Sleep tortured him so, so Umirin gave up on it after only a few hours.

The doe below him twitches and wakes, raises her head. Umirin tenses, holds his breath as he reaches behind himself and slides loose an arrow, adjusting it against the bow. He must be precise.

Slowly, the elegant white mass of the animal stretches and lifts to her hooves. Umirin sees the fawn then, mimicking its mother.

He grits his teeth as he draws the arrow back with the bow, arms raised and poised while he aims.
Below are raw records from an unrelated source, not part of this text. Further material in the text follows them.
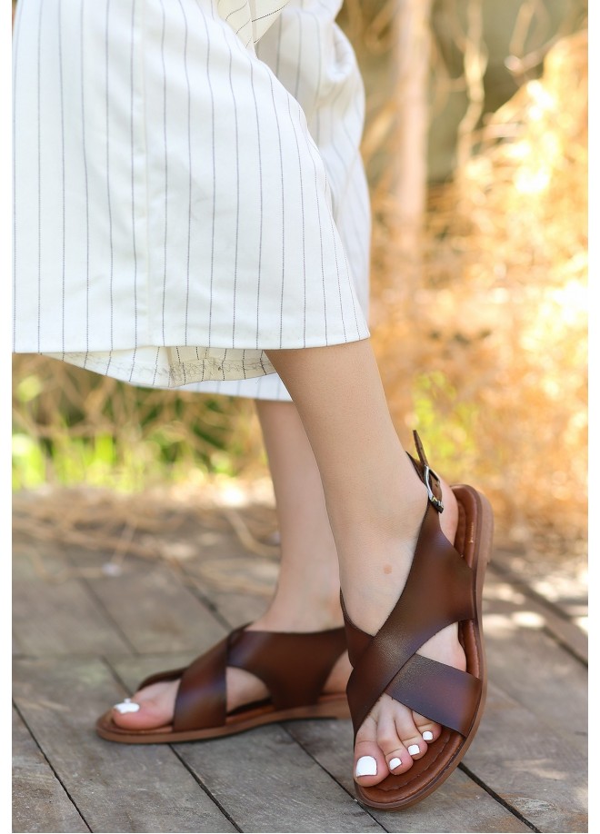 Çapraz Bantlı Kahverengi Sandalet: Rahat ve pratik bir modeldir.
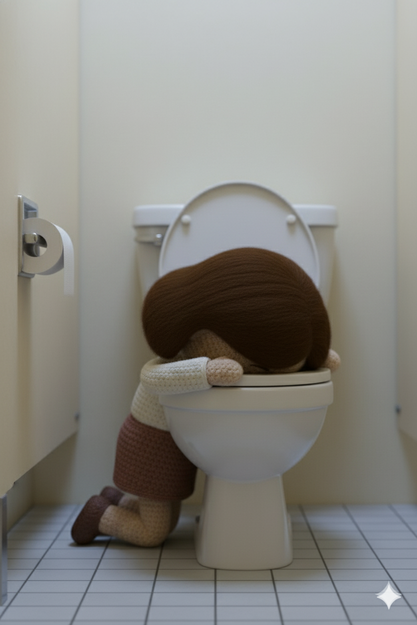 Like props, there was a blend of crochet and real-world. For most settings, I had to build them separately from the characters then place them with Nanobanana.
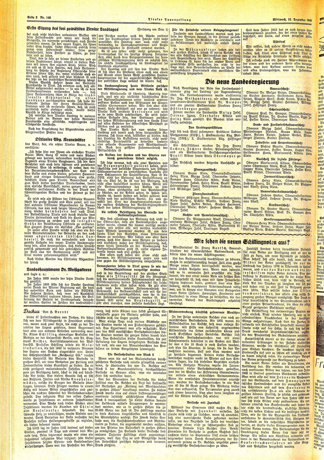 Wir sind allerdings der Meinung daß nicht jeder Österreicher, dem ein Parteiabzeichen angeheftet wurde, einmal für immer vertilgt werden müßte, wir wissen alle mit welchen tausendfältigen Mitteln gearbeitet worden ist, um dem Lande Tirol das Aussehen eines hitlertreuen Gaues zu verleihen. Wir fühlen uns aber stark genug, auch hier Spreu vom Weizen zu sondern und versichern daher der Militärregierung, daß, wenn deren Interesse an der Ausmerzung des Nationalsozialismus groß ist, unser eigenes Interesse daran noch viel größer ist.
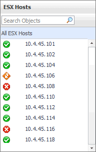 This tree view lists the ESX hosts that exist in your environment and shows their state.
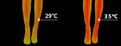 不信你看在热成像仪上,模特一上身,10分钟后,腿部温度就上升了6°!
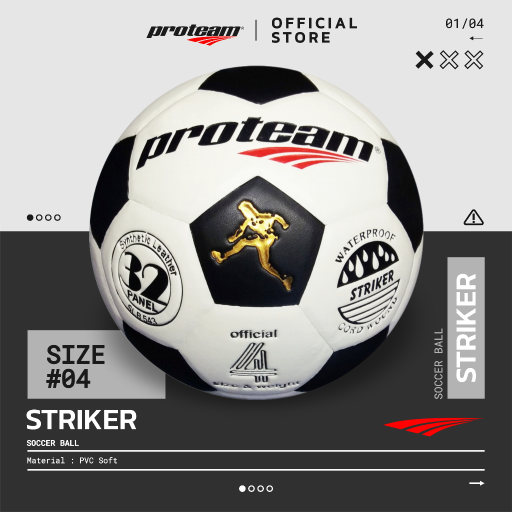 Bola Sepak Proteam Original Soccer Ball Classic Hitam Putih Striker Size 4
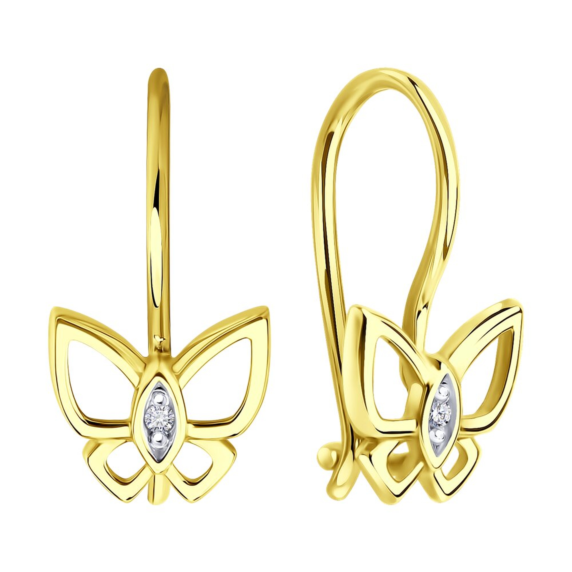 Серьги из лимонного золота Diamant с фианитом 53-120-02808-1
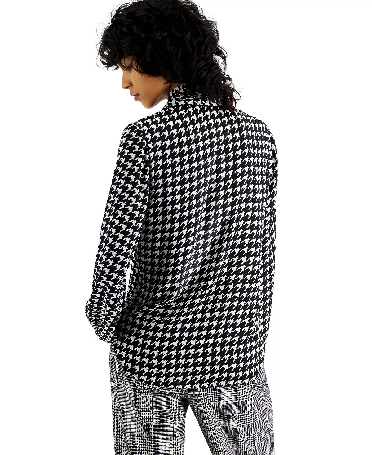 Add polish to any look with this sophisticated Houndstooth long sleeve top from Bar III.
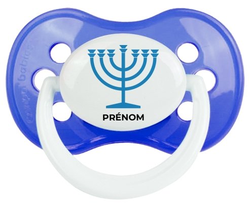 Sucette personnalisée pour bébé design : Judaisme : Menorah Sucette Anatomique en silicone de la marque Canpol Babies avec impression en couleur.un cadeau idéal pour vos bébés. Nos sucettes sont conçues avec l'aide de pédiatres et de dentistes pour respecter la physiologie de bébé et répondre à son réflexe naturel de succion.
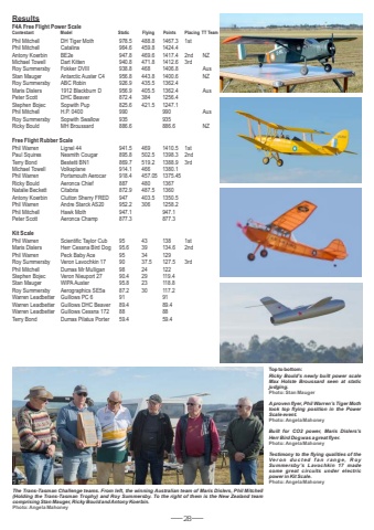 28ResultsF4A Free Flight Power ScalePhil Mitchell DH Tiger Moth 978.5 488.8 1467.3 1st Phil Mitchell Catalina 964.6 459.8 1424.4 Antony Koerbin BE2e 947.8 469.6 1417.4 2nd NZMichael Towell Dart Kitten 940.8 471.8 1412.6 3rd Roy Summersby Fokker DVIII 938.8 468 1406.8 AusStan Mauger Antarctic Auster C4 956.8 443.8 1400.6 NZRoy Summersby ABC Robin 926.9 435.5 1362.4 Maris Dislers 1912 Blackburn D 956.9 405.5 1362.4 AusPeter Scott DHC Beaver 872.4 384 1256.4 Stephen Bojec Sopwith Pup 825.6 421.5 1247.1 Phil Mitchell H.P. 0400 990 990 AusRoy Summersby Sopwith Swallow 935 935 Ricky Bould MH Broussard 886.6 886.6 NZ Free Flight Rubber ScalePhil Warren Lignel 44 941.5 469 1410.5 1st Paul Squires Nesmith Cougar 895.8 502.5 1398.3 2nd Terry Bond Bestetti BN1 869.7 519.2 1388.9 3rd Michael Towell Volksplane 914.1 466 1380.1 Phil Warren Portsmouth Aerocar 918.4 457.05 1375.45 Ricky Bould Aeronca Chief 887 480 1367 Natalie Beckett Citabria 872.9 487.5 1360 Antony Koerbin Clutton Sherry FRED 947 403.5 1350.5 Phil Warren Andre Starck AS20 952.2 306 1258.2 Phil Mitchell Hawk Moth 947.1 947.1 Peter Scott Aeronca Champ 877.3 877.3 Kit ScalePhil Warren Scientific Taylor Cub 95 43 138 1st Maris Dislers Herr Cessna Bird Dog 95.6 39 134.6 2nd Phil Warren Peck Baby Ace 95 34 129 Roy Summersby Veron Lavochkin 17 90 37.5 127.5 3rd Phil Mitchell Dumas Mr Mulligan 98 24 122 Stephen Bojec Veron Nieuport 27 90.4 29 119.4 Stan Mauger WIPA Auster 95.8 23 118.8 Roy Summersby Aerographics SE5a 87.2 30 117.2 Warren Leadbetter Guillows PC 6 91 91 Warren Leadbetter Guillows DHC Beaver 89.4 89.4 Warren Leadbetter Guillows Cessna 172 88 88 Terry Bond Dumas Pilatus Porter 59.4 59.4The Trans-Tasman Challenge teams. From left, the winning Australian team of Maris Dislers, Phil Mitchell (Holding the Trans-Tasman Trophy) and Roy Summersby. To the right of them is the New Zealand team comprising Stan Mauger, Ricky Bould and Antony Koerbin.Photo: Angela MahoneyContestant Model Static Flying Points Placing TT TeamTop to bottom:Ricky Bould%u2019s newly built power scale Max Holste Broussard seen at static judging. Photo: Stan MaugerA proven flyer, Phil Warren%u2019s Tiger Moth took top flying position in the Power Scale event.Photo: Angela MahoneyBuilt for CO2 power, Maris Dislers%u2019s Herr Bird Dog was a great flyer.Photo: Angela MahoneyTestimony to the flying qualities of the Ve r o n d u c t e d f a n r a n g e , R o y Summersby%u2019s Lavochkin 17 made some great circuits under electric power in Kit Scale.Photo: Angela Mahoney

Through the eye. He cannot miss.

He waits, muscles stiff, for the doe to walk a ways ahead. The fawn makes to stumble after its mother, frail and unsure, its tiny legs still far too gangly to support it walking.

Umirin adjusts his aim a final time. The fawn turns its head just so, and he releases his arrow.

He doesn't let himself look away as it flies like a blur through the air. A quiet squelch rings out as it pierces the fawn's head, then the baby collapses onto its side, in a little cloud of dust.

It doesn't twitch anymore. Umirin's aim never fails him.

The alarmed doe jumps at the noise and approaches to sniff at her dead offspring. She nudges her fawn's blood splattered furry cheek, but the child is limp.

Umirin makes himself sit and watch, no matter how his heart petrifies into a lump of rock at the sight of his sin. The least he owes the Forest is not to turn away.

He has become as monstrous as he must.

The doe tries in vain to wake up her babe for a while more, eventually giving up and wandering out of this area, likely sensing danger lurking around.

Umirin climbs down the tree only after she is gone, and takes a deep breath, releases it slowly as he approaches the body and kneels by it. The fawn's fur is so brilliantly white, save for its head. From its burst eye sticks out his arrow, a splatter of starkly red, fresh blood staining its fur around the wound. It couldn't have been more than a few months old. It is so small.